The most fascinating object of study though was still the performance, or rather lack thereof. It was less a performance more than it was a social ritual, an intersubjective act of contrition, a public bereavement mediated by the crowd in the stadium and Apple Music. Kanye’s mourning on display for everyone to take part in. If this was a “concert,” in the proper sense of the word, Kanye would have performed the album. Instead, choosing to host a live listening event signified a departure from the performance artist and towards a public invitation to take part in this ritual of mourning that Donda contends with. Kanye didn’t want to perform, as we typically see musical artists perform. His black mask reduced his subjectivity to a void, mirroring our own inner abyss, as he just stood in his room and listened to the album with us, the spectacle audience.

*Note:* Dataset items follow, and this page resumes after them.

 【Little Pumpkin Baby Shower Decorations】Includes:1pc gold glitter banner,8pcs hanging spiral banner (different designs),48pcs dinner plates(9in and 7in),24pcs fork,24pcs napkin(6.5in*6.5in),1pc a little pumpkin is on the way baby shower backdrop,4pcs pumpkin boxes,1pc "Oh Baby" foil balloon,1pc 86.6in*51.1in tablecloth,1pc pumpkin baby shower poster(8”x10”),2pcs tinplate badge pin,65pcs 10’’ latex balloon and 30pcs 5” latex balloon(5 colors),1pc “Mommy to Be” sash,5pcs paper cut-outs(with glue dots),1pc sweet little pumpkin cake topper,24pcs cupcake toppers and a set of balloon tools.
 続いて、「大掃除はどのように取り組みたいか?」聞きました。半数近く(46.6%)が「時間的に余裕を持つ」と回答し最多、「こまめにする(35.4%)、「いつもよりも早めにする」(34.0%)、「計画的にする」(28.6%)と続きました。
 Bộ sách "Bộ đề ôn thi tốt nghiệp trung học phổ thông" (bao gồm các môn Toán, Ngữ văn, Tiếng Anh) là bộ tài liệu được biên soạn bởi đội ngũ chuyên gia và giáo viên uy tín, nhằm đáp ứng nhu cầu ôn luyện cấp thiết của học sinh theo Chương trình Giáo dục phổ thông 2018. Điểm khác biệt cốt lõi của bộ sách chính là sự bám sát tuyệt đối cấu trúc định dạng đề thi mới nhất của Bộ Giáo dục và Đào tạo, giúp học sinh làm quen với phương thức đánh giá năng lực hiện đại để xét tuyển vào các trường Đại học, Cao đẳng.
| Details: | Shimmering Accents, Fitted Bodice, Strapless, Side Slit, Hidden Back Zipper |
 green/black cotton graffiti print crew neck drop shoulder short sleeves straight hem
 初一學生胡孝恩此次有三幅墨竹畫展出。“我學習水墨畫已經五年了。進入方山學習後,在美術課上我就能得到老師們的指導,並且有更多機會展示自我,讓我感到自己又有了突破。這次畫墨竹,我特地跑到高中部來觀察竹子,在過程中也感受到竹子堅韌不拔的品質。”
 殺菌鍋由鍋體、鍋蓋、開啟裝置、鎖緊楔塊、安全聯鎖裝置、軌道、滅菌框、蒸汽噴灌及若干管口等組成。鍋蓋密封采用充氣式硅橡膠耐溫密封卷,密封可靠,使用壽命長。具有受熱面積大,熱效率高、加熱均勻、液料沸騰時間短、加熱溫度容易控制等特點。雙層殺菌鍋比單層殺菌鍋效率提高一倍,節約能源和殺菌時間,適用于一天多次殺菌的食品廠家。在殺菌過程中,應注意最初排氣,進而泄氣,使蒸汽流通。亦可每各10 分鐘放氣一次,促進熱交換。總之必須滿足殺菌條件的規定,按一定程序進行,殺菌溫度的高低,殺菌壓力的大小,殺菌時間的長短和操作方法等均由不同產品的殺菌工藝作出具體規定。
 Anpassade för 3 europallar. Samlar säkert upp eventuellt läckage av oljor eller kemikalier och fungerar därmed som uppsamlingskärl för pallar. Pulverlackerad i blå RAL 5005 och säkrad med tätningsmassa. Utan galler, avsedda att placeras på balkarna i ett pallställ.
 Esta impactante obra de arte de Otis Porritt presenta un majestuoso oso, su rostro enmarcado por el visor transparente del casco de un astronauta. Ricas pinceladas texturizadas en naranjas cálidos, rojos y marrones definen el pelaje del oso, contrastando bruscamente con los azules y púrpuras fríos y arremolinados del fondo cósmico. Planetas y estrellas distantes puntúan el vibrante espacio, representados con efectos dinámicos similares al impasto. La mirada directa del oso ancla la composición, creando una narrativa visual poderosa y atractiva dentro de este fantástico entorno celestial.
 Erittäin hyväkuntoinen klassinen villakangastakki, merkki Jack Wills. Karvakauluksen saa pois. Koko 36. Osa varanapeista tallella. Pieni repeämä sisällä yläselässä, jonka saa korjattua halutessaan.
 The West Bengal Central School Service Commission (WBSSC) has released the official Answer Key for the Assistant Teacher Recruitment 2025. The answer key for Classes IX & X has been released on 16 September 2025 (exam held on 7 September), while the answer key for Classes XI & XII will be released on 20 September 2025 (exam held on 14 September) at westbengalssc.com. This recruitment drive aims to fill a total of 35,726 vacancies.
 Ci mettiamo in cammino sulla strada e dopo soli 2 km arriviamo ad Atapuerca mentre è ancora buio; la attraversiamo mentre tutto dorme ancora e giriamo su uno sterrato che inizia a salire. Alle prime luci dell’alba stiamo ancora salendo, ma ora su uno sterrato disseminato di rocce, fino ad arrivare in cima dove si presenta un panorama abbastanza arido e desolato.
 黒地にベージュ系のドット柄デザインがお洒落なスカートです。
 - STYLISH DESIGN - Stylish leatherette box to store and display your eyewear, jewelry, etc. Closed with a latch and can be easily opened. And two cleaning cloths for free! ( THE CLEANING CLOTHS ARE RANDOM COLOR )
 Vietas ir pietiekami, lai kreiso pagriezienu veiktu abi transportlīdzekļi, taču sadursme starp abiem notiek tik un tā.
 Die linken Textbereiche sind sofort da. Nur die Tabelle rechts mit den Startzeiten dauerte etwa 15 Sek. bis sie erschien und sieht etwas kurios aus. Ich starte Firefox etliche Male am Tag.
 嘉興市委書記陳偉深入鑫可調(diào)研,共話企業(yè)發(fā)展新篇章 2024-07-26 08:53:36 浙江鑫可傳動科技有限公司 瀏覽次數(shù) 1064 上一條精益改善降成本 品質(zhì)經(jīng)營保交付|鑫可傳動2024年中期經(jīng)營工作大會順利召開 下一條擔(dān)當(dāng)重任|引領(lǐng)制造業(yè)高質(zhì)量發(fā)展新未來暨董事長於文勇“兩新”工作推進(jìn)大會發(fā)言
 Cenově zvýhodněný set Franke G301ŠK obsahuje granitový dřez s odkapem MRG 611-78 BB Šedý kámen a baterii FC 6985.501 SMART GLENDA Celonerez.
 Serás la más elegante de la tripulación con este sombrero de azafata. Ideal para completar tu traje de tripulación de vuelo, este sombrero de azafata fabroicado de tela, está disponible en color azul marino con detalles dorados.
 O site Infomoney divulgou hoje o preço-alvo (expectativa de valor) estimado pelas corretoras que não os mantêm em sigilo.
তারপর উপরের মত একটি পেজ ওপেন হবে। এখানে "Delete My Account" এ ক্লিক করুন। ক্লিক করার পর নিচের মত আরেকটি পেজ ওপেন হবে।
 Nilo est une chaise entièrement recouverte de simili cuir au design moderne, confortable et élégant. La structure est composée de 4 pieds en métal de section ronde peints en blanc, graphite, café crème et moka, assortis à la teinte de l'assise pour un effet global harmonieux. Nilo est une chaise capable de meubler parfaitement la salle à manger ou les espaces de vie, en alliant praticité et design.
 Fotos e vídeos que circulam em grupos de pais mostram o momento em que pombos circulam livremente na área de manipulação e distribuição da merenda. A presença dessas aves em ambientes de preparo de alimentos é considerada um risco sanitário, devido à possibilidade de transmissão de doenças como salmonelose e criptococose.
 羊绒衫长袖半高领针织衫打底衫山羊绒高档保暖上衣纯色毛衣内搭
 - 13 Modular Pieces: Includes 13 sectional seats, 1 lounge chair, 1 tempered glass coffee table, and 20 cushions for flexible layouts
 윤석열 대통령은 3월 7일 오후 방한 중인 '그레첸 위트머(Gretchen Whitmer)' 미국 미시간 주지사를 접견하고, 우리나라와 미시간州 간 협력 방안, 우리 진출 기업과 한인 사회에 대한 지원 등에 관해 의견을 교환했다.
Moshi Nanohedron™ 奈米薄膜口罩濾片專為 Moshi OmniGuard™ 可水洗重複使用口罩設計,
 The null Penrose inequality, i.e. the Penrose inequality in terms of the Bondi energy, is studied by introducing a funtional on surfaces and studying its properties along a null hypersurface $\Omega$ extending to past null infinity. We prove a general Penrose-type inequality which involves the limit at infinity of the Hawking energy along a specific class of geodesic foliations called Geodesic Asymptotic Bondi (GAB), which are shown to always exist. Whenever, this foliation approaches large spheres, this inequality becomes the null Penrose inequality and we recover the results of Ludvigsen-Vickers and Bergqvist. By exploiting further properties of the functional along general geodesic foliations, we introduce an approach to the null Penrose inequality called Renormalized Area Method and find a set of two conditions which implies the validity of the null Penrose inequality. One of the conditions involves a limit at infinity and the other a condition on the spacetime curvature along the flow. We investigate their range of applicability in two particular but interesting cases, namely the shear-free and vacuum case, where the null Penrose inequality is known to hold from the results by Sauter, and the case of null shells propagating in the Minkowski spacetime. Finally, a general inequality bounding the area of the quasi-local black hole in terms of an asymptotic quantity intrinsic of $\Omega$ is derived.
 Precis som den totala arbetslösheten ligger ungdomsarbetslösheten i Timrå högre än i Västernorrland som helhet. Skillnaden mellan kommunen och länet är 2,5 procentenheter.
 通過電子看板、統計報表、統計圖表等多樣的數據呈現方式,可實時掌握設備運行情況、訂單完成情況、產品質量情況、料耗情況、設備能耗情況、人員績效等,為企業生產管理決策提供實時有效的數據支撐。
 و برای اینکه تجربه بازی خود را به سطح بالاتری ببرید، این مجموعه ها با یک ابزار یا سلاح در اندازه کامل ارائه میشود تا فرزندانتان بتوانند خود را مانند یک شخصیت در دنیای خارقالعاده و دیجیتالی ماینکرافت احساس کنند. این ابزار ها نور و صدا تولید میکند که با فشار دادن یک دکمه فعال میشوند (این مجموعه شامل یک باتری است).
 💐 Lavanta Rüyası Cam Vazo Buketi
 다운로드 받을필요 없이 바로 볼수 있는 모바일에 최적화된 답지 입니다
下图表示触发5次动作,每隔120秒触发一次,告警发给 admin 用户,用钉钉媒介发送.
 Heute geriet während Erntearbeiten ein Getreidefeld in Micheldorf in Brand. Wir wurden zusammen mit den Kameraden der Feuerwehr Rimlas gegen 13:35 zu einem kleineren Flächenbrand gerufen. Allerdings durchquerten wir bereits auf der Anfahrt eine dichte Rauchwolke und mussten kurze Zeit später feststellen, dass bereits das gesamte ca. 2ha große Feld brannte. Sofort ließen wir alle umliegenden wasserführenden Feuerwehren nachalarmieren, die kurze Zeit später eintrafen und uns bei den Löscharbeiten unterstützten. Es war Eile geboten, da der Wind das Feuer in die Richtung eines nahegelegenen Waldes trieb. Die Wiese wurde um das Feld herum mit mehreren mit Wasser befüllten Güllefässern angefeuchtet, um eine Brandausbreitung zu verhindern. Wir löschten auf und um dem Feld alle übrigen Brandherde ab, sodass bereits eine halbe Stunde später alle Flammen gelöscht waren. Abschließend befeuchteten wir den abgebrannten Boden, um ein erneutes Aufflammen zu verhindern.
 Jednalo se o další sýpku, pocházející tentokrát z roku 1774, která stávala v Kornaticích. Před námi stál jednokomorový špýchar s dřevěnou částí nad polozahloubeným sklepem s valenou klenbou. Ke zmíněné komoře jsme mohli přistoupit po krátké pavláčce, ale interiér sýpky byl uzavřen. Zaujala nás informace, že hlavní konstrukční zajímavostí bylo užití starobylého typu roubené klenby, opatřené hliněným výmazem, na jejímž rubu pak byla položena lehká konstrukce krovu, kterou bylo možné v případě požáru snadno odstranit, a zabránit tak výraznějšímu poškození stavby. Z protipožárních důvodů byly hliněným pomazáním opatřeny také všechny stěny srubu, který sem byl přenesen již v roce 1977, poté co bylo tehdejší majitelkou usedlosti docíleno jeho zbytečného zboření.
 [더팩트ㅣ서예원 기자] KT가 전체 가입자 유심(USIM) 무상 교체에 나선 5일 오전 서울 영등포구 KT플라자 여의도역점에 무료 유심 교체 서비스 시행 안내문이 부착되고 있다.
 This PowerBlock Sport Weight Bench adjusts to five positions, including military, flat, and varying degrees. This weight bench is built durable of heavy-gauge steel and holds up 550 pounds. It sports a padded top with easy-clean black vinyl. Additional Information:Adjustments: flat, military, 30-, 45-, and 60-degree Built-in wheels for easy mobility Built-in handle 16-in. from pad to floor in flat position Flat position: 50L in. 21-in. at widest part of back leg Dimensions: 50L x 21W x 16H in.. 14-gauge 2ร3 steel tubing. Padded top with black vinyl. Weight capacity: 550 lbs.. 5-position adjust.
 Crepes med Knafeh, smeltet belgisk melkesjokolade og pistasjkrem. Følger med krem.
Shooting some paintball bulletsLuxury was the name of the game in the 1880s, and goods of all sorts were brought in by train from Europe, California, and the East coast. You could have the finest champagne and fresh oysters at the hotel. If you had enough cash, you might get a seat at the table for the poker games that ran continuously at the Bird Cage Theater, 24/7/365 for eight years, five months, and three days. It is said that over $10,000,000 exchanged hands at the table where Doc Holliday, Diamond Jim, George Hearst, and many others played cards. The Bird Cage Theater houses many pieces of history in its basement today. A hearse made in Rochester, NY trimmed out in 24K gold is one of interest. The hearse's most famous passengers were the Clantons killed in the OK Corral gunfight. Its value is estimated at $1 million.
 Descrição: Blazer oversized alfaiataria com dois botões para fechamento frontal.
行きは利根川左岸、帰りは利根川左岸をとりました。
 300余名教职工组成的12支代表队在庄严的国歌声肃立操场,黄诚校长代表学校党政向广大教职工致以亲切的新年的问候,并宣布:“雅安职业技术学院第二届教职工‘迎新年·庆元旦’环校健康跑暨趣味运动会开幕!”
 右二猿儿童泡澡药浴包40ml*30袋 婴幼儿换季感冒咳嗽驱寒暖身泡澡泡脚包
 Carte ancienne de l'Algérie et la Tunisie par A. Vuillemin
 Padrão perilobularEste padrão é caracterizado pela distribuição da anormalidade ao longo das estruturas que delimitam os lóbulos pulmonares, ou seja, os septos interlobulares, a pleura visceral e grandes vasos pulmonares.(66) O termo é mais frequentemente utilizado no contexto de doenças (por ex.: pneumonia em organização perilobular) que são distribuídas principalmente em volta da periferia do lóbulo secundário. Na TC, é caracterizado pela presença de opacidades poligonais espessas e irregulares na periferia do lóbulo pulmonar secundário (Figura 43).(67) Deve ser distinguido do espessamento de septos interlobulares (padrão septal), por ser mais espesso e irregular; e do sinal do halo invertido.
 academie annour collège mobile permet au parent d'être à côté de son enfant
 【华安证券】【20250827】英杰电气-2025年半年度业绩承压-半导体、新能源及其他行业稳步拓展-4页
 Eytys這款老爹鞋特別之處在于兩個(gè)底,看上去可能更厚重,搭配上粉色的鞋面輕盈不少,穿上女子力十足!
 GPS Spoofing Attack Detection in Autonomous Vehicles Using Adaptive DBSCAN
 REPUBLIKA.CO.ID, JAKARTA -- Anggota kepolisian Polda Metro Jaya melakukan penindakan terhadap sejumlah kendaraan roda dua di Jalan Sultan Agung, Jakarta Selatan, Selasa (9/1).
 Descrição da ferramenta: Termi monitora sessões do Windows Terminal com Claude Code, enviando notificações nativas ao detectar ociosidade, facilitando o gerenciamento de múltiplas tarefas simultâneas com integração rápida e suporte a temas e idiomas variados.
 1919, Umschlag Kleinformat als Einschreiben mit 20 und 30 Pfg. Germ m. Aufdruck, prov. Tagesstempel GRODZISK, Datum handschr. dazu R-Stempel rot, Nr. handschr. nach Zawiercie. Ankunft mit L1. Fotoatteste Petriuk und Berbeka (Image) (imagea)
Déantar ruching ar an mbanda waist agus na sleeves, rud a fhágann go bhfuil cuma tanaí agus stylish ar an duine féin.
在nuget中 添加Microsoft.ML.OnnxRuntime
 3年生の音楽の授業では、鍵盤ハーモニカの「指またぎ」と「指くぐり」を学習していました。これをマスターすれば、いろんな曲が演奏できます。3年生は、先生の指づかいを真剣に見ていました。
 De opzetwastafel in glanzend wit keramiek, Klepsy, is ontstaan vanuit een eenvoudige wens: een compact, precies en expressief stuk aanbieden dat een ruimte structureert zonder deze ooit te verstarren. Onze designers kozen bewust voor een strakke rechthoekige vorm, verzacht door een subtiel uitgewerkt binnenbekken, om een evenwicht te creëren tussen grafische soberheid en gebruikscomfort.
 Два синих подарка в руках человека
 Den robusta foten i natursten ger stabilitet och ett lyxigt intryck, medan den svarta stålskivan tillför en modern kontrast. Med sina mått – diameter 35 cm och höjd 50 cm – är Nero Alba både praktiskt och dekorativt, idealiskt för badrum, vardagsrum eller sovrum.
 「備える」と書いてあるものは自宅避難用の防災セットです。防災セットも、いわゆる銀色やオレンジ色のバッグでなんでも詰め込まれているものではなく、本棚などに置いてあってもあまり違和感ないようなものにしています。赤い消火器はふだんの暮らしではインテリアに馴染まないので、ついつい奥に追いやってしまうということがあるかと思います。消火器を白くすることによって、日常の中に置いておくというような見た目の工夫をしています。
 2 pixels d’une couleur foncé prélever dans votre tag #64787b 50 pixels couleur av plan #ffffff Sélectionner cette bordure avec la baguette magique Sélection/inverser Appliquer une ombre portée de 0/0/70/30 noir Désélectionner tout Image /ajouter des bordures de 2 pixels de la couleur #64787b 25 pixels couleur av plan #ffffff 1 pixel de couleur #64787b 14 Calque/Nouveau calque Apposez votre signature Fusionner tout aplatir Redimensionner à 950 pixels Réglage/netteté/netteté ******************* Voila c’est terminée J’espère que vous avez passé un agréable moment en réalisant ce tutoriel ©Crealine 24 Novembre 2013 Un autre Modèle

But now, to all who didn’t attend the recent event in Chicago, that all seems like a distant, unreal dream, because, despite the pervasive urges of Ye stans everywhere, the man took his time dropping Donda — simply apparent from the fact that the initial announcement took place a year ago. One can only surmise that he wasn’t satisfied with the result of the August 5th listening party, however passionately he danced to “Tell the Vision” or hacked and pawed at the air during “Jail” or “Keep My Spirit Alive.” I can’t help but think, too, that because Ye and KIDS SEE GHOSTS practically fell on deaf ears, Kanye wanted his latest effort to reflect more of the pre-Ye Kanye. That proverbial “Mr. West” Kanye who set out to make “the perfect album” with MBDTF, who spent months stown away in Australia and Hawaii fine tuning projects like the gorgeous, neurotic, egomaniac-with-an-inferiority-complex that he is. The Kanye we nearly saw with Jesus is King, remaining just shy of the mark. That is, where Jesus is King, for me, seemed to lack in musical ambition, Donda reached back through the catacombs of Kanye’s discography, retrieving that nearly forgotten bit of musical artistry once assumed to be a given.

It didn’t even seem that Kanye wanted to release it even when it finally dropped. The day following Donda’s sudden appearance on our various streaming platforms, Kanye took to Instagram and subsequently informed the world that Universal Records released it without his consent, claiming they dropped the album “without [his] approval and they blocked “Jail pt 2” from being on the album”—the comment section promptly reassuring Ye that, in fact, “Jail pt 2” was still on the unsanctioned product. In other words, the event, it would seem, is unending.

Now, with show dates, that recent performance in Chicago, record-breaking numbers, and Kanye seeming to stay on course despite a well-documented history of mental illness and a frenetic work ethic, Donda is not over. So, whether or not Universal was right in allegedly releasing the album without Kanye’s consent, or whether or not Kanye was right in withholding it for so long despite the many protestations and promises made, the debate rages as the hype persists with the impersonality and libido of a running river. And Kanye knows that, conscious of the pull that he has on music culture, able to yank at the strings a bit, or maybe just sway with the taught threads he’s attached to. Either way, the (finished) product is great even if it’s not fully Kanye-approved.

Kanye’s latest release doesn’t just take on the form of an album in our media ecology. It’s “everything you need,” an object ofculture, the spectacle of Kanye. It is an event we all take part in and help cultivate. Needless to say, everything that has thus far surrounded the drop is a testament to that sentiment. Donda has become a cultural fetish. And I would be lying if I said it wasn’t due in large part to Kanye’s ability to push the coordinates of possibility beyond what music is supposed to be.